Artist Biography

Henry Martin Gasser

(1909 - 1981)

Table of Contents

    An influential teacher, accomplished author, and talented artist recognized for his powerful watercolor portrayals of urban life in his hometown of Newark and throughout New Jersey during the twentieth century.

    By Alison Kowalski

    I. Biography

    Henry Martin Gasser was an American painter in every sense. From his working-class industrial town, he sought out the greatest artists in the area in order to study from them, and he found inspiration in his backyard. Through persistence and a spirit of originality, Gasser turned humble scenes of urban American life in the mid-twentieth century into extraordinary works of art that were widely praised by the art world. After achieving fame for his paintings, he extended his reach further by educating future artists and writing instructional books on his innovative techniques.

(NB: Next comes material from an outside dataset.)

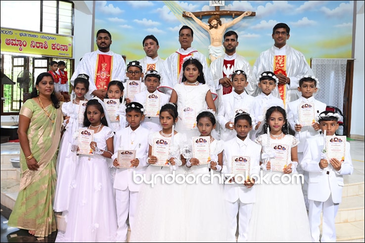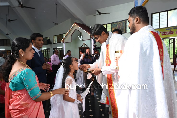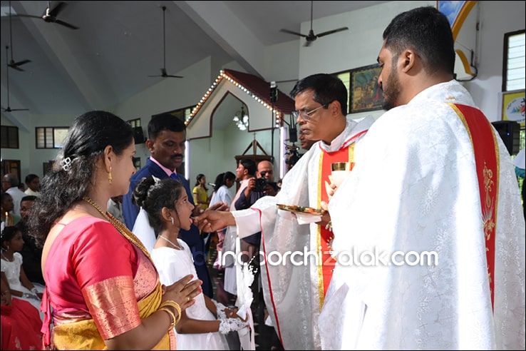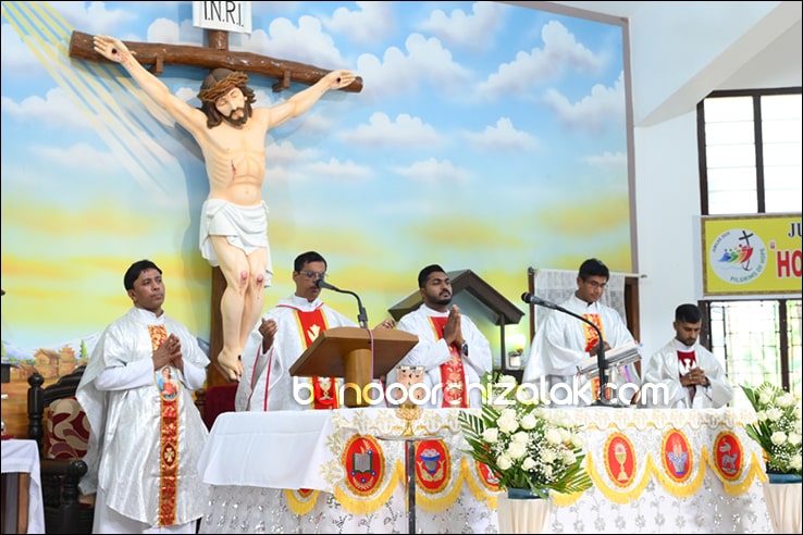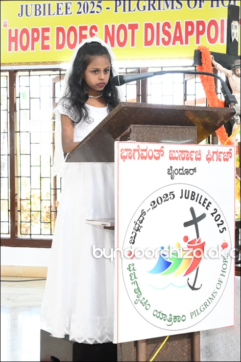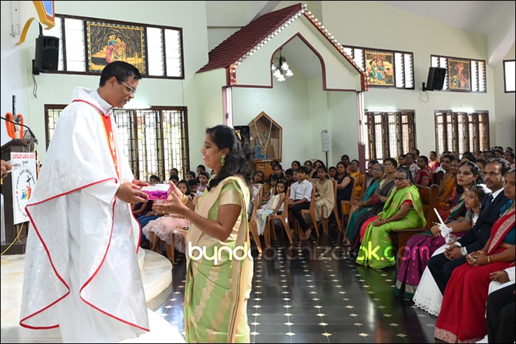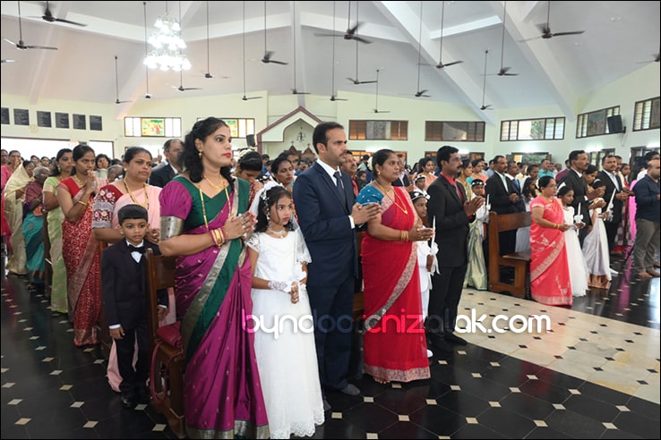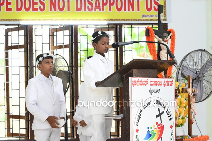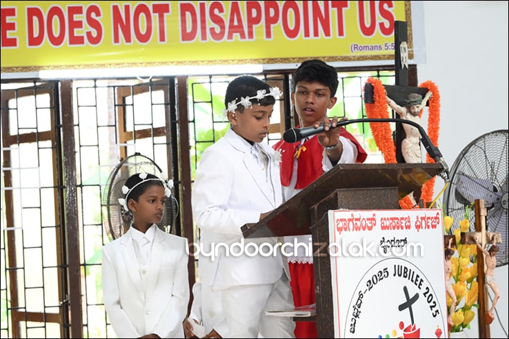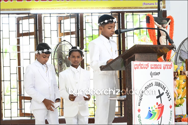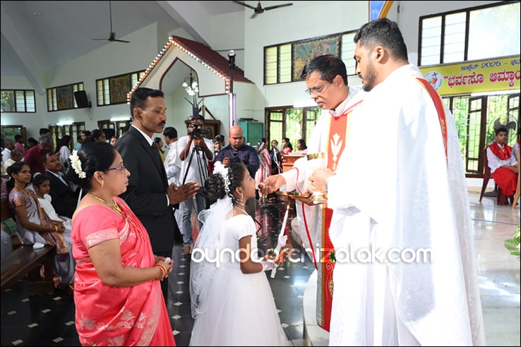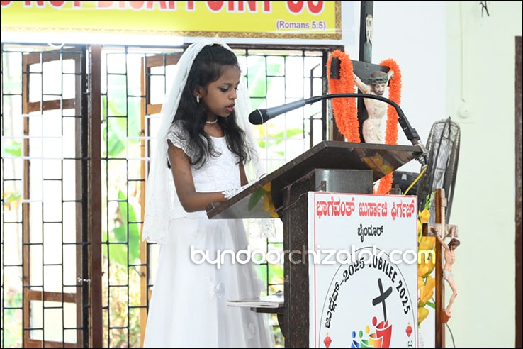 ಬೈಂದೂರ್: ಫಿರ್ಗಜೆಚಾ 15 ಭುರ್ಗ್ಯಾಂನಿ ವ್ಹಡಾ ಉಲ್ಲಾಸಾನ್ ಆಪ್ಲ್ಯಾ ಪಯ್ಲ್ಯಾ ಕುಮ್ಗಾರಾಚೊ ಸಂಭ್ರಮ್ ಆಚರಣ್ ಕೆಲೊ. ಆಜ್ ಸಕಾಳಿಂ ಚಲ್ಲ್ಲ್ಯಾ ಸಂಭ್ರಮೀಕ್ ಮೀಸಾಂತ್ ಪಯ್ಲೊ ಕುಮ್ಗಾರ್ ಸೆಂವ್ಚ್ಯಾ ಭುರ್ಗ್ಯಾಂನಿ ಆಪ್ಲ್ಯಾ ಆವಯ್-ಬಾಪಯ್ ಸಾಂಗಾತಾ ಪ್ರವೇಶ್ ಜಾವ್ನ್ ವಿಗಾರ್ ಬಾ| ವಿನ್ಸೆಂಟ್ ಕುವೆಲ್ಲೊ, ಬಾ| ಮೈಕೆಲ್ ಡಾಯಸ್, ಬಾ| ರೊಯಲ್ ನಜ್ರೆತ್, ಬಾ|ಕಿರಣ್ ನಜ್ರೆತ್ ಆನಿ ಸಹಾಯಕ್ ವಿಗಾರ್ ಬಾ| ಫೃಥ್ವಿ ರೊಡ್ರಿಗಸಾ ಸಾಂಗಾತಾ ಸಂಭ್ರಮೀಕ್ ಮೀಸಾಚೆ ಬಲಿದಾನ್ ಭೆಟಯ್ಲೆಂ.

    Gasser was born in Newark, New Jersey, where he lived for most of his life. He studied painting at the Newark School of Fine and Industrial Arts as well as at the Grand Central School of Art and the Art Students League in New York City. The well-known artist John R. Grabach (1886–1981), a fellow New Jersey native, privately tutored Gasser, and the two artists developed a close relationship.

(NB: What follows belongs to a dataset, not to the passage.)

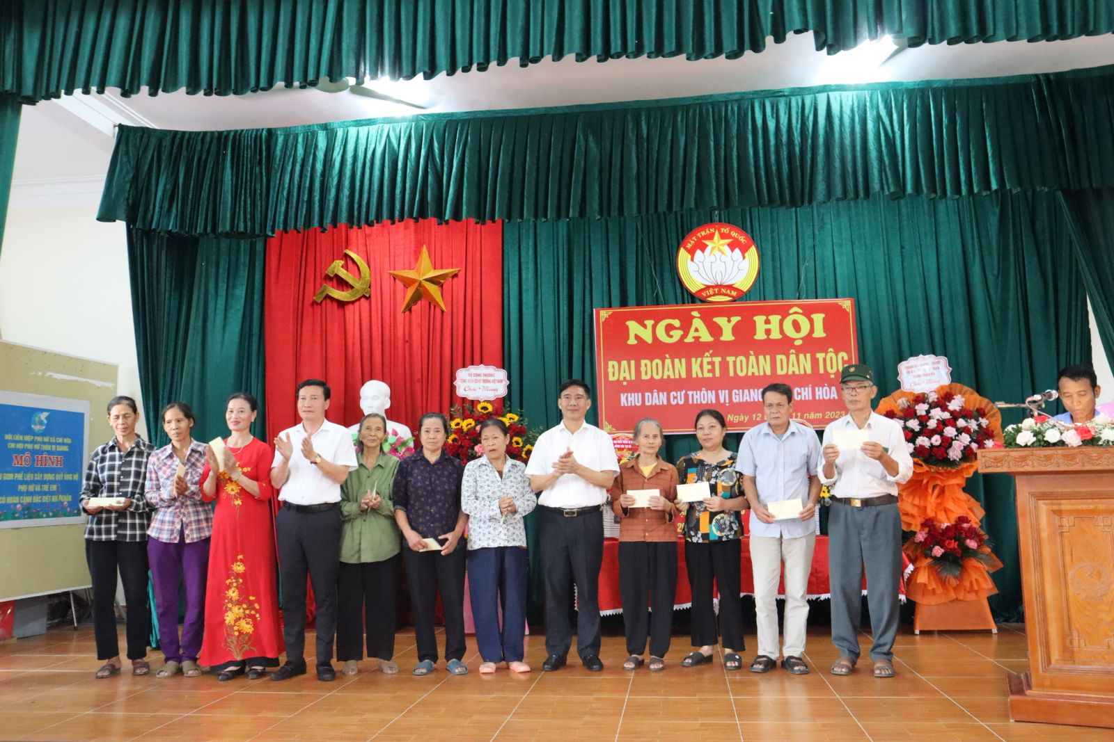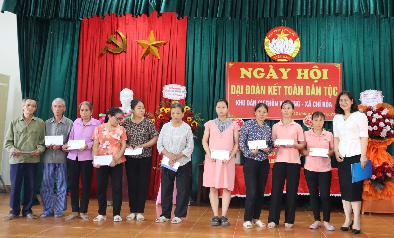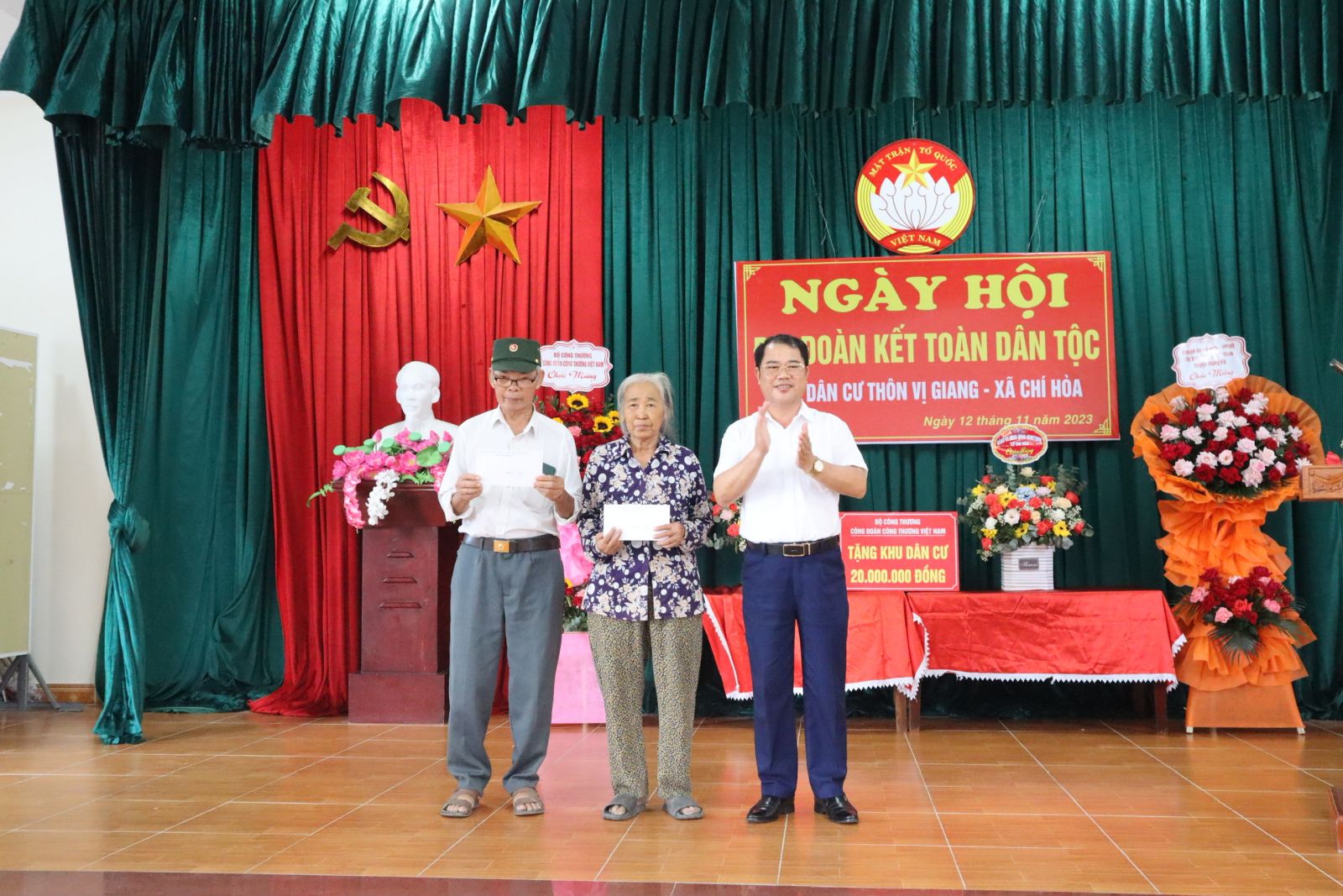 Tại ngày Hội đại đoàn kết dân tộc, đại diện Bộ Công thương; Lãnh đạo Huyện ủy- HĐND - UBND - Ủy ban MTTQ Việt Nam huyện đã tặng hoa chúc mừng thôn Vị Giang, tặng quà các gia đình chính sách, các hộ gia đình có hoàn cảnh đặc biệt khó khăn; Đảng ủy - HĐND - UBND xã Chí Hoà khen thưởng các gia đình văn hoá tiêu biểu năm 2023...

    Despite its highly individualistic style, Gasser’s work still fits neatly into the tradition established by his American predecessors. In addition to exhibiting influence from Grabach, Gasser’s realist depictions of every­day life continued the legacy of the Ashcan painters. The majority of Gasser’s work portrays his native New Jersey. By the time he reached artistic maturity in the mid-twentieth century, Newark had become a major industrial center. Such cities, although the life force of American industry and ingenuity, were not known for their scenic qualities. Nonetheless, Gasser found beauty in his surroundings. His artworks typically feature urban scenes, such as residential streets lined with houses, and blue-collar suburban communities. Along with painting in New Jersey and New York, he embarked on excursions with Grabach to New England to capture coastal views and winter scenery. During World War II, Gasser was stationed in South Carolina as a sergeant in a Visual Aid Unit of the army, where he painted the vibrant Southern culture surrounding him.

    Although adept at painting with oils, he found his stride in watercolors. Paralleling his ability to transform unassuming subjects into captivat­ing pictures, Gasser elevated watercolor — a medium that was more common at the time for preliminary sketches or commercial use — to a fine art. [1] He pushed the boundaries of the medium, using experi­mental techniques to create his vibrant, evocative paintings. His work is often filled with radiant blues, greens, and yellows, and even those paintings that utilize a range of muted grays are accented with unusual tertiary colors. Within his exceptionally large body of work, winter scenes figure prominently; the expanses of white provided the perfect arena for his inventiveness.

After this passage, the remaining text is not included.